Cette célébrité se perd dans les innombrables illustrations qui méritèrent au siècle de Louis XIV le titre de grand ; et quoique le nom de Mlle Chéron nous ait été légué à la fois par les lettres et les arts, chaque jour voit s’éclipser un rayon de sa gloire et tomber une feuille de sa double couronne.

Elisabeth-Sophie Chéron
Elisabeth-Sophie Chéron

Peu de personnes connaissent aujourd’hui ses Portraits tant vantés, sa Descente de Croix, son Livre des principes à dessiner, ses Pierres gravées ; la plupart de nos littérateurs ignorent jusqu’aux titres de ses Psaumes et Cantiques, de son Essai, de son Ode sur le jugement dernier ; enfin pas un de nos poètes, peut-être, ne partage l’admiration de J.-B. Rousseau pour la petite pièce de vers intitulée les Cerises renversées : on regarde de nos jours comme très ordinaire ce badinage, qui, sous le nom ambitieux de poème, valut à son auteur la plus grande partie de sa réputation.
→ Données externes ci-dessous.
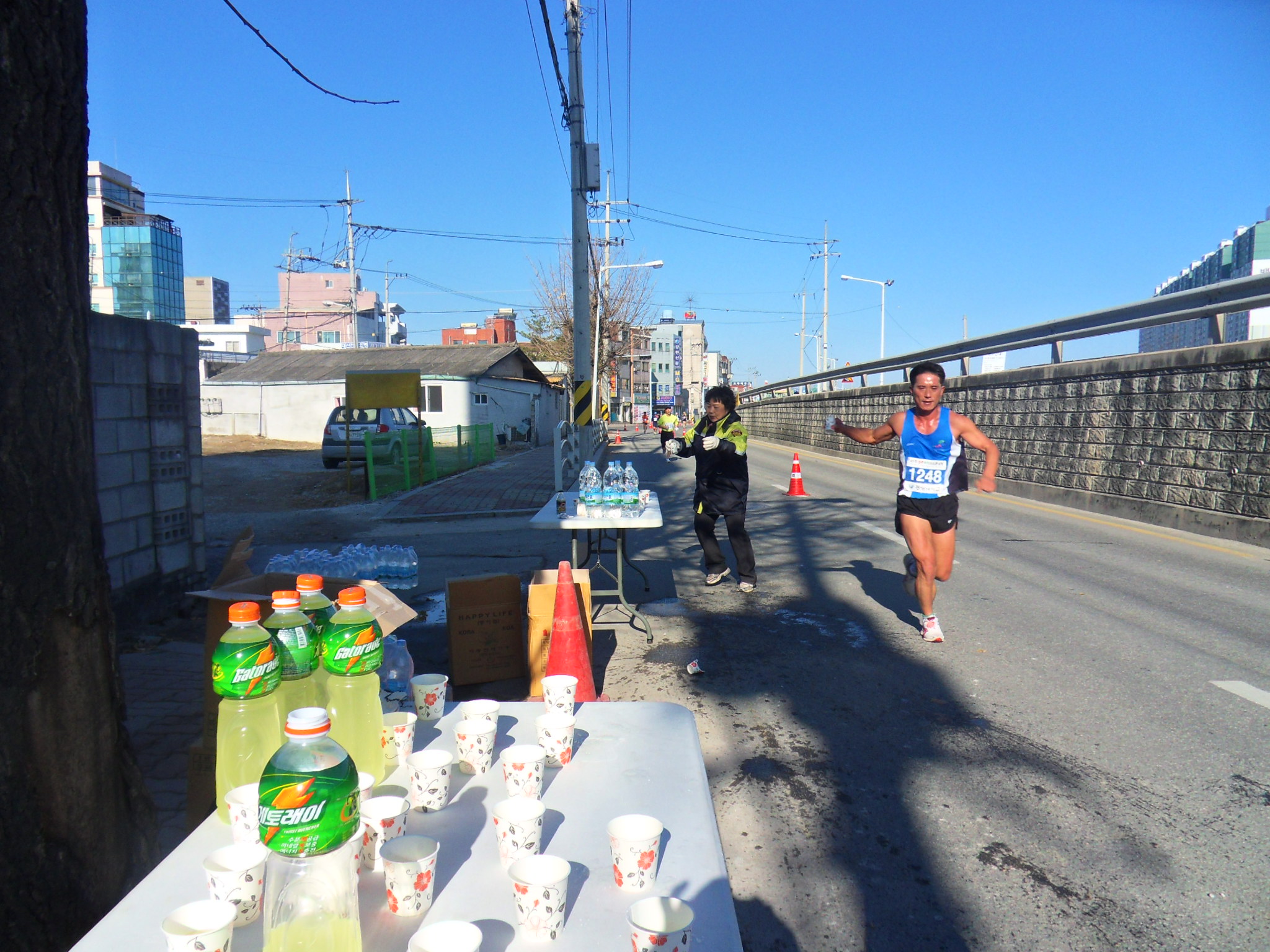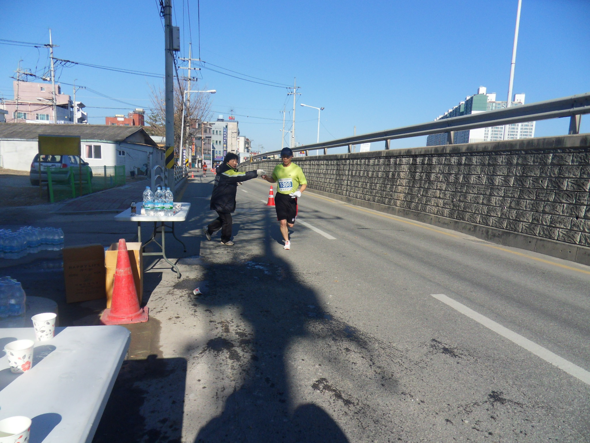 바람은 불어 종이컵 들은 이리 저리 나 딩굴고 춘운날 고생했지만 힘들게 뛰는 마라토너들에게 생수와 스포츠 음료를 나눠주는 마음에 나름 보람있었답니다
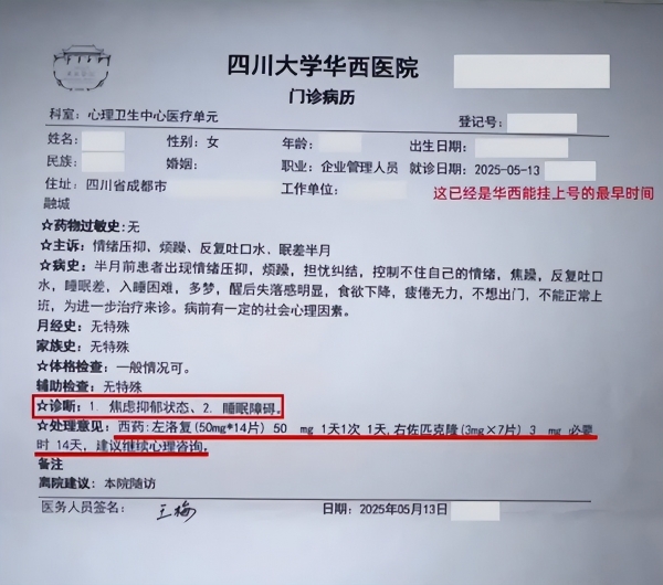 程先生带她前往医院,被诊断出焦虑、抑郁,还有睡眠障碍。

A la fois habile dans la musique, la peinture, les lettres, les gravures, la poésie, les sciences, Elisabeth-Sophie Chéron devait être recherchée par les sociétés savantes : l’académie de peinture l’admit en 1672, celle des Ricovrati de Padoue la reçut en 1699, sous le nom de la Muse Erato ; enfin Louis XIV lui accorda une pension de cinq cents livres.

Restée dans le célibat jusqu’à l’âge de soixante ans, Mlle Chéron ne se maria, dit-on, que pour assurer des avantages à un ancien ami. A ses talents et à son érudition, Sophie Chéron joignait un esprit d’à-propos très remarquable. Nous n’en citerons qu’un exemple : Une dame extrêmement coquette s’étant fait peindre par elle, lui demanda cinq copies de son portrait. « Eh ! mon Dieu ! disait-on, pourquoi cette femme multiplie-t-elle tant son portrait ? » Mlle Chéron répondit par ce verset d’Isaïe : « Quoniam multiplicatae sunt iniquitates ejus (Parce que ses iniquités ont été multipliées). »

Louis Chéron , frère d’Elisabeth-Sophie fut aussi peintre et graveur ; de son temps il jouit d’une assez grande réputation, mais ses ouvrages sont presque tous tombés dans l’oubli, et son nom aurait eu le même sort, s’il n’eût été sauvé par sa sœur.